# Manchester Support Group



## Ryan North West (Oct 30, 2012)

No expert myself but does anyone fancy a Manchester Social Anxiety Group?

Really fancy getting something going which actually exists and is going to be good, worthwhile, lasting, supportive, human and most likely fairly unprofessional and left field but relaxed and basically meaningful to the individual no matter how incredibly minimal their involvement.

Not that I've got contacts or money or anything to get a venue and organise things. I could try but I'm a total amateur but would be keen.

Seems to me like all the Groups around Manchester seem to not have much happening around them.

I'd love something really relaxed. No real pressure on anyone.

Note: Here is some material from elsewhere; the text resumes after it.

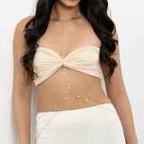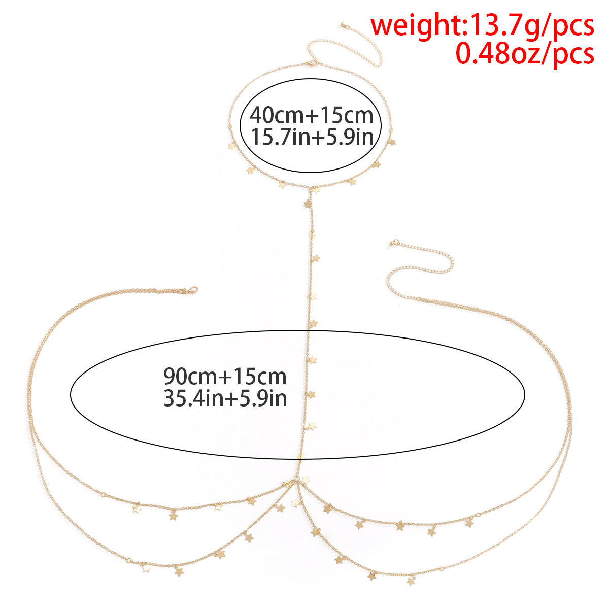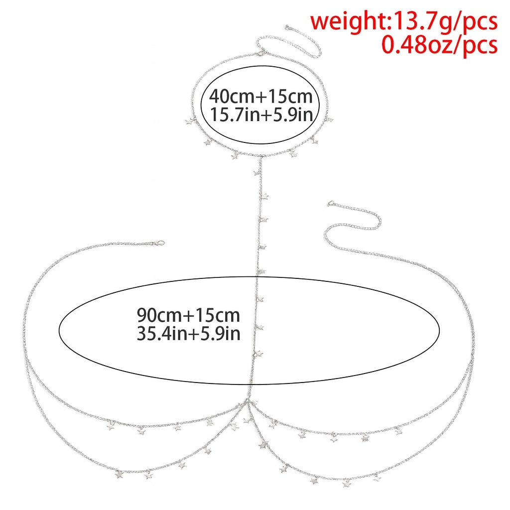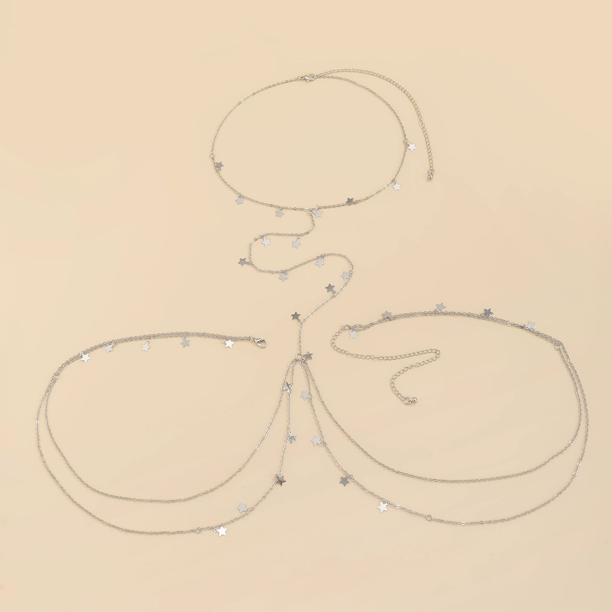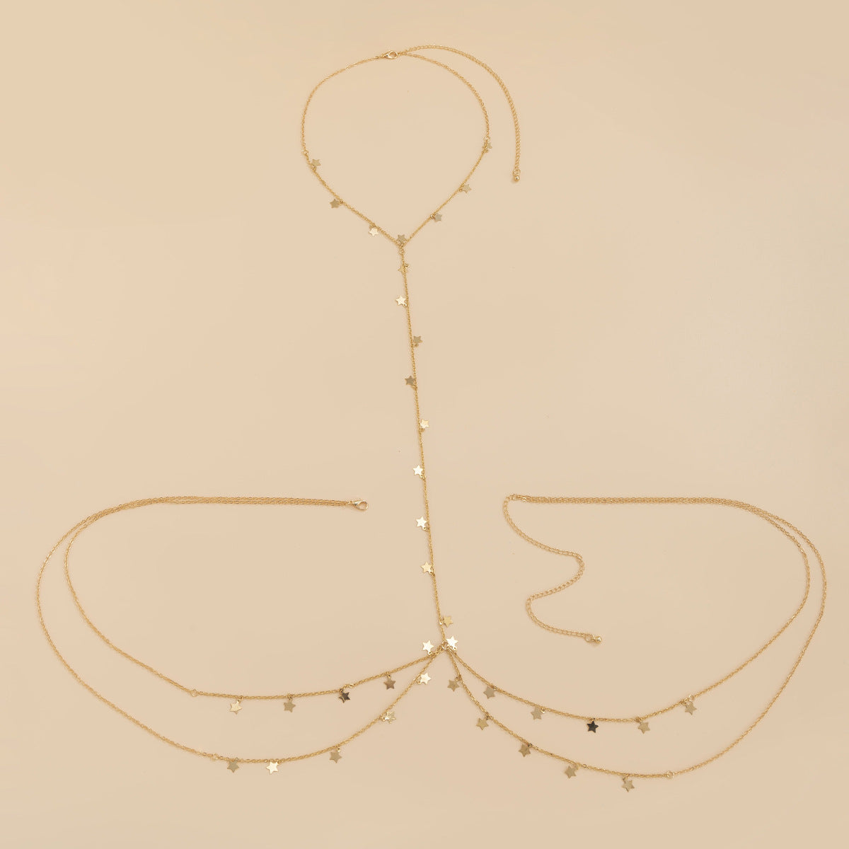 Turn heads with this layered star body chain designed to add celestial charm to your beach or party look. The delicate star motifs glimmer beautifully against the skin, making it the perfect statement piece for bikinis, crop tops, or deep-neck dresses. Lightweight and adjustable, this body chain brings effortless glamour to your vacation wardrobe.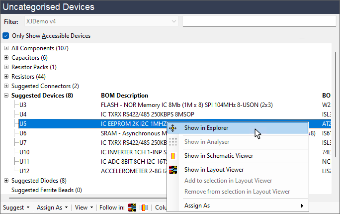 If Explorer shows the expected level of access isn't being achieved, you can use Explorer to navigate through the different signal paths to see what is causing the problem. A net could be suffering reduced access because it's thought to be connected to power or because there's a device connected to it that hasn't yet been categorised. A net will show No Access if it connects to a power or ground rail, so if a signal net is shown as No Access, it might be because a pull-resistor has accidentally been categorised as a series resistor. If a net is marked as Excluded, that can indicate that a pin of an uncategorised device is on the net.

Just people in the same boat who can feel as free as possible to express themselves without having to feel pressured into behaving a certain way.

Not that I'm in any way relaxed myself, far from it, pretty crippled by anxiety, I try to be relaxed but I pretty much fail but It'd be lovely to get similar people together who struggle and have a supportive and comfortable/as relaxed as possible environment.

Please, please, please let me know if you are keen, have any ideas/suggestions or would be keen to get involved in God knows what way. This post is the first thing I've done, so clearly I'm massively amateurish but if anyone's game then give me a shout, PM me or whatever, just get in touch and lets try getting the ball rolling.


----------



## IRSadface (Nov 4, 2012)

I'd like to get involved with something like this. It's a little too soon for me right now since I haven't even started my CBT treatment yet and have been pretty much a recluse for the past 3 years. I'm certainly interested though. I'm in glossop so not too far from Manchester.


----------



## thelonelyloner (Apr 24, 2009)

This is Manchester, England, I suppose? Not New Hampshire.


----------